Arbeitsmarktpolitik besser mit gesamt-gesellschaftlichen Zielsetzungen vereinbaren
Die Zahl der Langzeitarbeitslosen stagniert seit Jahren bei rund einer Million. Einige hunderttausend Menschen scheinen dauerhaft von Erwerbsarbeit ausgeschlossen. Ein Grund ist das Sozialgesetzbuch (SGB) II. Seine Bestimmungen laufen darauf hinaus, Hartz-IV-Empfänger so schnell wie möglich in Arbeit zu vermitteln – ohne Rücksicht auf langfristige berufliche Ziele oder die Qualität der Jobs. Deshalb empfehlen die Forscher, die allgemeinen Ziele des SGB III, wonach die Arbeitsförderung den Arbeitsmarkt insgesamt und die Qualität der Beschäftigung berücksichtigen soll, ins SGB II zu übernehmen.

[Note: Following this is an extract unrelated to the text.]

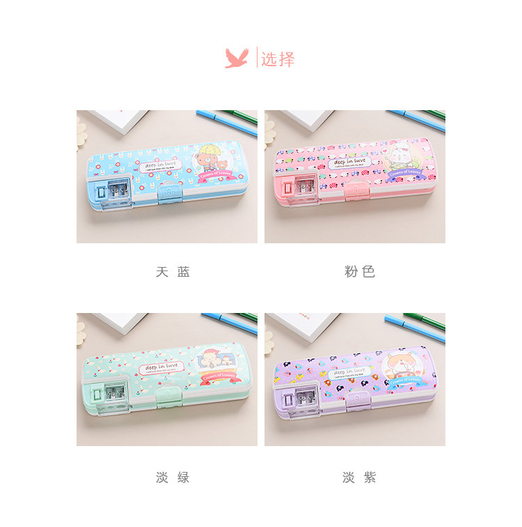 多功能卡通塑料文具盒大容量双层可爱儿童铅笔盒收纳学习用品文具

Die grundsätzlich unvermeidlichen Spannungsverhältnisse zwischen zwei Regimen („Rechtskreisen“ SGB II und SGB III), die nach unterschiedlichen Gerechtigkeitslogiken in ein und denselben Arbeitsmarkt hineinführen sollen, müssen im Hinblick auf vermeidbare Anlässe für die Wahrnehmung von Ungerechtigkeiten bearbeitet werden, um den sozialen Zusammenhalt zu stärken.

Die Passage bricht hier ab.